* [Information shown]:
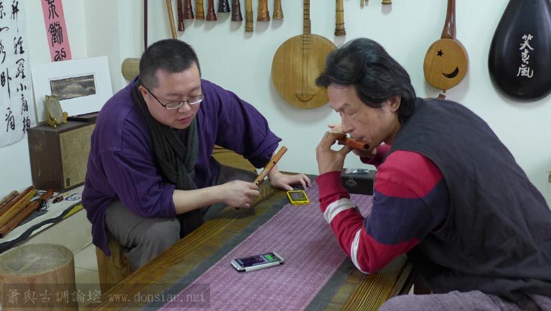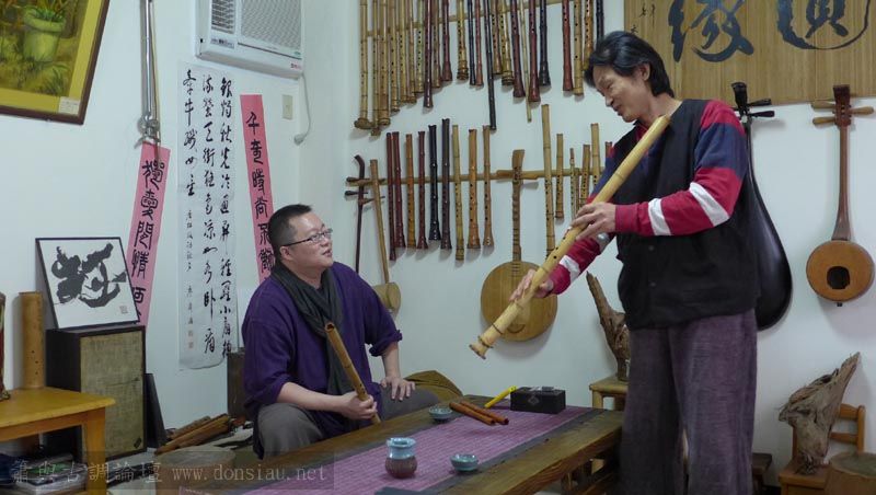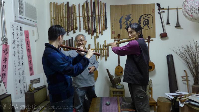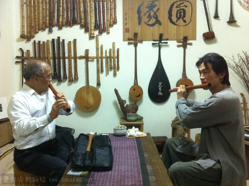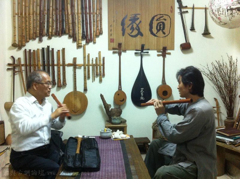 陳中申老師偕難藝大教古琴的朱老師一起到訪,琴簫和鳴不亦樂乎!朱老師試過文松簫後訂一管桂竹頂級琴簫
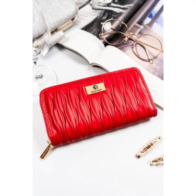 Ez a piros női pénztárca elegáns, hullámos gyűrött felülettel és cipzáras záródással rendelkezik. Kiváló minőségű, gondosan kiválasztott ökológiai bőrből készült, amely stílust és tartósságot biztosít.
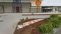 The tessellating concrete paths at Zane Middle school are placed in solely the rectangular site location. The triangular portion of the groundwork features a pathway of alternating red and white tiles to form a checkered pattern. Spaces have been left around the tiles for the placement of grass seed in order to secure the tiles. Smaller pieces of pavers are located at the edge of either end of the path. Three Cala lilies are contained within the triangular segment.
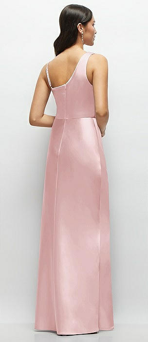 One-Shoulder Cat-Eye Neckline Fit and Flare Satin Maxi Dress in ballet pink

* [The task]: If pictures appear in the data, omit them and copy all other parts exactly.

* [Solution for this exercise]:
 陳中申老師偕難藝大教古琴的朱老師一起到訪,琴簫和鳴不亦樂乎!朱老師試過文松簫後訂一管桂竹頂級琴簫
 Ez a piros női pénztárca elegáns, hullámos gyűrött felülettel és cipzáras záródással rendelkezik. Kiváló minőségű, gondosan kiválasztott ökológiai bőrből készült, amely stílust és tartósságot biztosít.
 The tessellating concrete paths at Zane Middle school are placed in solely the rectangular site location. The triangular portion of the groundwork features a pathway of alternating red and white tiles to form a checkered pattern. Spaces have been left around the tiles for the placement of grass seed in order to secure the tiles. Smaller pieces of pavers are located at the edge of either end of the path. Three Cala lilies are contained within the triangular segment.
 One-Shoulder Cat-Eye Neckline Fit and Flare Satin Maxi Dress in ballet pink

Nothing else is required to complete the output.